Léon Jongen (2 March 1884 – 18 November 1969) was a Belgian composer and organist.

Musical career
He was born in Liège, on March 2, 1884. His father Alphonse had an atelier there and worked as a woodcarver.  Jongen studied at the Royal Conservatory of Liège and was appointed as organist at the Saint-Jacques church of Liège after his graduation in 1898. He left his post at Saint-Jacques church in 1908 in order to tour Europe with a piano quartet.
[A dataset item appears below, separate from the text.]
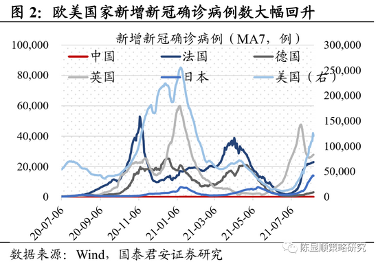 全球确诊新冠人数破2亿,欧美地区疫情进一步恶化。据WHO统计,8月6日全球累计新冠确诊病例数突破2亿人,距离1亿确诊仅过去了6个多月。当前德尔塔变异毒株已席卷全球135个国家和地区,欧美和东南亚成为疫情发酵两大中心。截止8月10日,美国新增确诊人数已连续6日突破10万人次,德、英、法、日新增确诊病例数七日均值分别为3104人、27844人、22982人、13986人,环比半月前大幅上升171%、92%、113%、244%。

He eventually settled in Paris, becoming accompanist to the tenor Imbart de la Tour.  In 1913 he won the Prix de Rome with his cantata Les fiancés de Noël.

After the First World War, Jongen travelled the world: he visited Africa, India, China, Japan, and Hanoi. While in Hanoi he conducted the Tonkin Opera from 1927 to 1929. In 1934 he returned to Belgium to become a professor of fugue at the Royal Conservatory of Brussels. The Commission de surveillance gave his several directorial responsibilities in 1938 and officially appointed him as director on August 1, 1939. He succeeded his brother Joseph Jongen. His appointment as director lasted till  1949. Between 1960 and 1962 Léon Jongen was the chairman of the Queen Elisabeth Competition.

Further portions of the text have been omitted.